Explore the unexplored with Felt: Meet Sam Hashemi, CEO of the online platform making mapping effortless for everyone
Maps are increasingly a part of our lives and used to solve some of the world’s biggest challenges—yet the tools many GIS specialists, designers and other professionals use can be difficult to use and desktop based. Mapping has also historically been something that those with little technical training could not explore.
Sam Hashemi set out to solve this with Felt—an easy-to-use, collaborative, online mapping tool. Felt’s mission is to make mapping effortless for everyone. Scientists can use Felt to monitor habitat loss, urban planners can use it to analyze population dynamics, you and I can use it to map out our next bike ride with friends.
We spoke with Sam to find out more about bringing mapping to the masses so everyone can explore the unexplored:
Thanks for joining us, Sam! With a background in design, you’ve worked at NASA updating 1990s era systems on the International Space Station, the Department of Energy and then co-created urban planning and visualization tool, Remix. How did this incredible journey lead you to the idea for Felt?

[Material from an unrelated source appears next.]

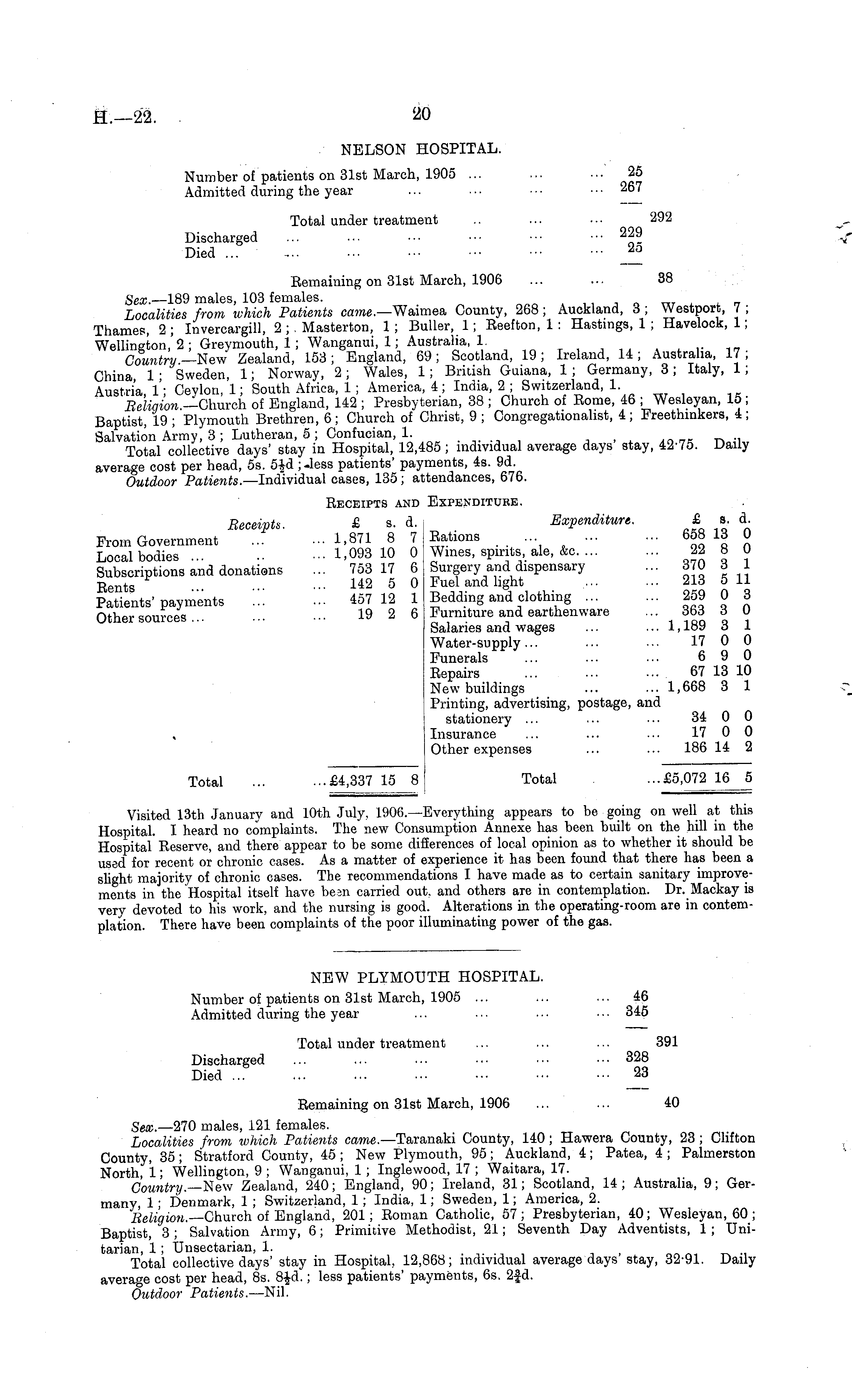 NELSON HOSPITAL. Number of patients on 31st March, 1905 ... ... ••• 25 Admitted during the year ... ... ■ • • • • ■ 267 Total under treatment .. ... • ■ • 292 Discharged ... ... ••• ••• ••• ••• 22 ? Died ... - 21 Remaining on 31st March, 1906 ... ... 38 Sex.— lB9 males, 103 females. , Localities from which Patients came.— Waimea County, 268; Auckland, 3 ; Westport, 7 ; Thames, 2; Invercargill, 2 ; Masterton, 1; Buller, 1; Reefton, 1 : Hastings, 1 ; Havelock, 1; Wellington, 2 ; Greymouth, 1; Wanganui, 1; Australia, 1 Country—New Zealand, 153; England, 69; Scotland, 19; Ireland, 14; Australia, 17, China 1 ■ Sweden, 1; Norway, 2; Wales, 1; British Guiana, 1 ; Germany, 3 ; Italy, 1; Austria, 1; Ceylon, 1; South Africa, 1; America, 4; India, 2 ; Switzerland, 1. Religion.— Church of England, 142 ; Presbyterian, 38 ; Church of Rome, 46 ;, Wesleyan, 15 ; Baptist, 19 ; Plymouth Brethren, 6 ; Church of Christ, 9 ; Congregationalist, 4 ; Freethinkers, 4 ; Salvation Army, 3; Lutheran, 5; Confucian, 1. ~.,,. , , , ,„ „- t-> -i Total collective days' stay in Hospital, 12,485 ; individual average days stay, 42-75. Daily average cost per head, ss. s£d ;-less patients' payments, 4s. 9d. Outdoor Patients. —Individual cases, 135; attendances, 676. Receipts and Expenditure. Receipts. £ s. d. Expenditure. £ s. d. From Government ... ...1,871 8 7 Rations ... 658 13 0 Local bodies .. ...1,093 10 0 Wines, spirits, ale, &c. ... ... 22 8 0 Subscriptions and donations ... 753 17 6 Surgery and dispensary ... 370 3 1 Bents ... 142 5 0 Fuel and light ... ... 213 511 Patients'payments 457 12 1 Bedding and clothing 259 0 3 Other sources 19 2 6 Furniture and earthenware -363 3 0 Salaries and wages ... ... 1, l»y 6 l Water-supply... ... ... 17 0 0 Funerals ... ... ■■• 690 Repairs 67 13 10 New buildings ... ... 1,668 3 1 Printing, advertising, postage, and stationery ... ... ... 34 0 0 Insurance ... ... ... 17 0 0 Other expenses ... ... 186 14 2 Total £4,337 15 8 Total ... £5,072 16 5 Visited 13th January and 10th July, 1906.—Everything appears to be going on well at this Hospital. I heard no complaints. The new Consumption Annexe has been built on the hill in the Hospital Reserve, and there appear to be some differences of local opinion as to whether it should be used for recent or chronic cases. As a matter of experience it has been found that there has been a slight majority of chronic cases. The recommendations I have made as to certain sanitary improvements in the Hospital itself have hem carried out, and others are in contemplation. Dr. Mackay is very devoted to his work, and the nursing is good. Alterations in the operating-room are in contemplation. There have been complaints of the poor illuminating power of the gas. NEW PLYMOUTH HOSPITAL. Number of patients on 31st March, 1905 ... ... ... 46 Admitted during the year ... ... ... ■ • • 345 Total under treatment ... ... ... 391 Discharged ... ... ... ••• ••• ••• 328 Died ... ... ... ... ••• ••• ■•• 23 Remaining on 31st March, 1906 ... ... 40 Sex. —270 males, 121 females. Localities from which Patients came.— Taranaki County, 140; Hawera County, 23 ; Clifton County, 35; Stratford County, 45 ; New Plymouth, 95; Auckland, 4; Patea, 4 ; Palmerston North, 1; Wellington, 9 ; Wanganui, 1; Inglewood, 17 ; Waitara, 17. Country .—New Zealand, 240; England, 90; Ireland, 31; Scotland, 14 ; Australia, 9 ; Germany, 1 ; Denmark, 1 ; Switzerland, 1 ; India, 1; Sweden, 1; America, 2. 'Religion.— Church of England, 201; Roman Catholic, 57; Presbyterian, 40; Wesleyan, 60 ; Baptist, 3; Salvation Army, 6; Primitive Methodist, 21; Seventh Day Adventists, 1 ; Unitarian, 1; Unsectarian, 1. Total collective days' stay in Hospital, 12,868; individual average days' stay, 32-91. Daily average cost per head, Bs. B£d.; less patients' payments, 6s. 2fd. Outdoor Patients. —Nil.

That’s right – for something like a decade, I worked on these really complex deep systems at Department of Energy, NASA, and almost every transportation agency across the globe, trying to make them fun and joyful despite a lot of red tape. At Remix, my last company, we helped cities plan out bike lanes, bus routes and design safer streets. You could choose your city, move things around, and it would tell you how much a bus route was going to cost, and what kind of social impact it would have on transportation freedom for the city residents. For the first time, cities were using tools with consumer-grade design, purpose-built for them, and they loved it. In five years, 400 cities, from New York to London to Auckland to San Francisco, started using Remix.
I’m a designer, so through all of this, I spent countless hours with users. And it was hard to miss how often users struggled to make maps. Installing the software, navigating the tools, even figuring out the licensing created a sense of confusion around how to get simple tasks done. Most of all, we saw that it was challenging to share maps with teams, the public, and across organizations. It all happened through PDFs and email thread – like from another era.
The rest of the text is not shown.